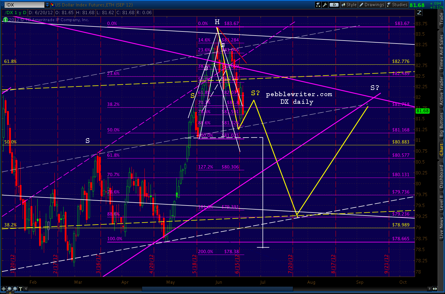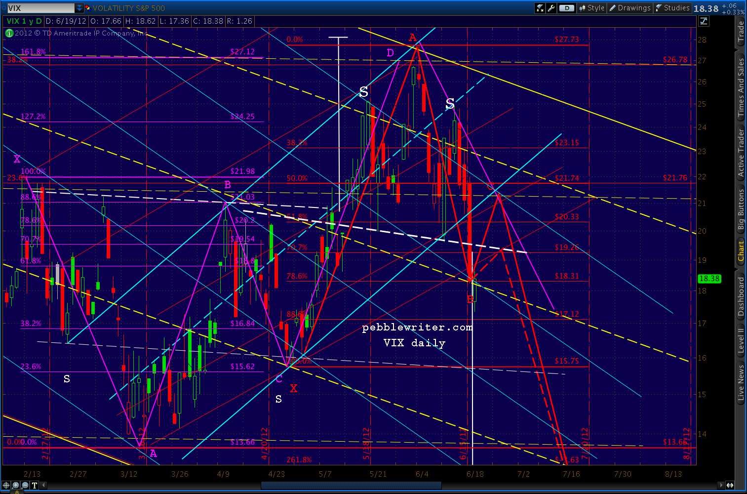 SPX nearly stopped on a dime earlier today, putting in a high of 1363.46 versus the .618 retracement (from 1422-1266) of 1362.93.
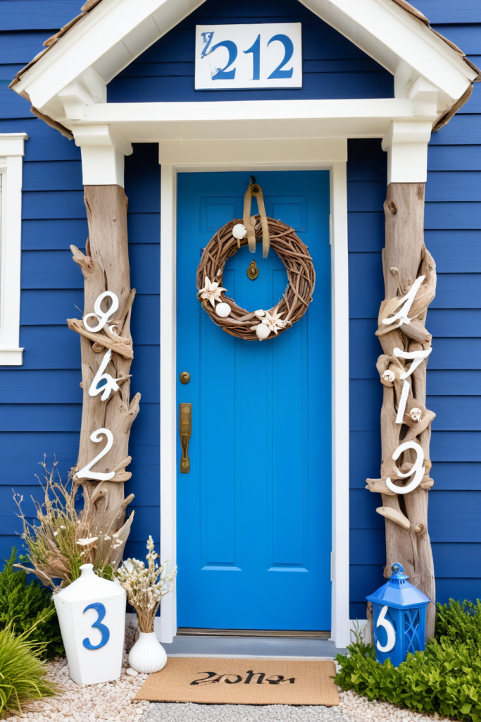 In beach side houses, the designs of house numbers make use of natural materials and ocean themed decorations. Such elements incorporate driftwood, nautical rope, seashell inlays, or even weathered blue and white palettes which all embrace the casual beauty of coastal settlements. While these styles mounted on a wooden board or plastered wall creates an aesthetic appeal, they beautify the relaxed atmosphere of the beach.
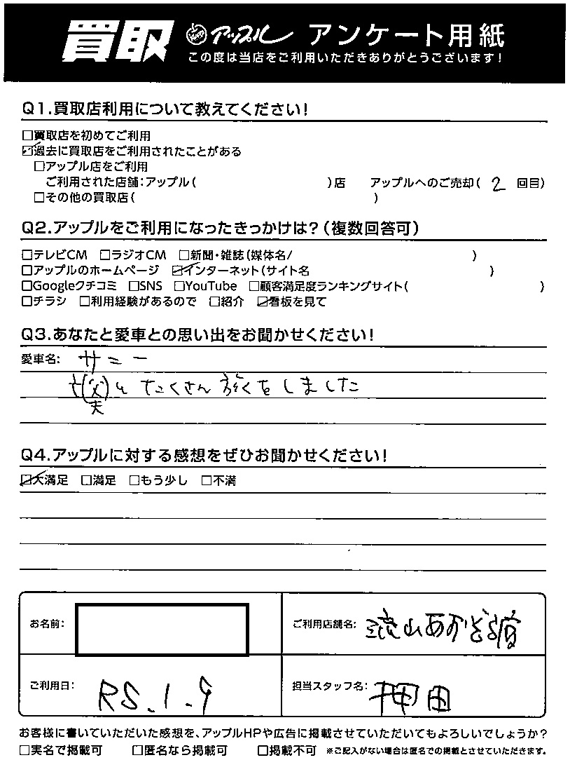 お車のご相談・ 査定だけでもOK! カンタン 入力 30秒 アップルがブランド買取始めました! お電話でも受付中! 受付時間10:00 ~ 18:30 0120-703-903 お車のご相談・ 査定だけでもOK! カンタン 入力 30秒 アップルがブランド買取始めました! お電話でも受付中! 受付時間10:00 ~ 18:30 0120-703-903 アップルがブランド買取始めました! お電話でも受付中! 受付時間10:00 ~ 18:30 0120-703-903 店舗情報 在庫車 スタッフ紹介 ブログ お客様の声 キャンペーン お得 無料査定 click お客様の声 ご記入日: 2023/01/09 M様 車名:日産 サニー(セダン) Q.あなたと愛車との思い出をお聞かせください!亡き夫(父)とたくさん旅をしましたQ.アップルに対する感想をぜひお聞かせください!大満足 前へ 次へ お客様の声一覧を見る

- _ABOUT THIS EXERCISE_
Write out again, exactly, the lines from the start of the listing up to the line containing "In beach side", with both ends and without pictures.

- _ANSWER TO THIS TASK_
 SPX nearly stopped on a dime earlier today, putting in a high of 1363.46 versus the .618 retracement (from 1422-1266) of 1362.93.
 In beach side houses, the designs of house numbers make use of natural materials and ocean themed decorations. Such elements incorporate driftwood, nautical rope, seashell inlays, or even weathered blue and white palettes which all embrace the casual beauty of coastal settlements. While these styles mounted on a wooden board or plastered wall creates an aesthetic appeal, they beautify the relaxed atmosphere of the beach.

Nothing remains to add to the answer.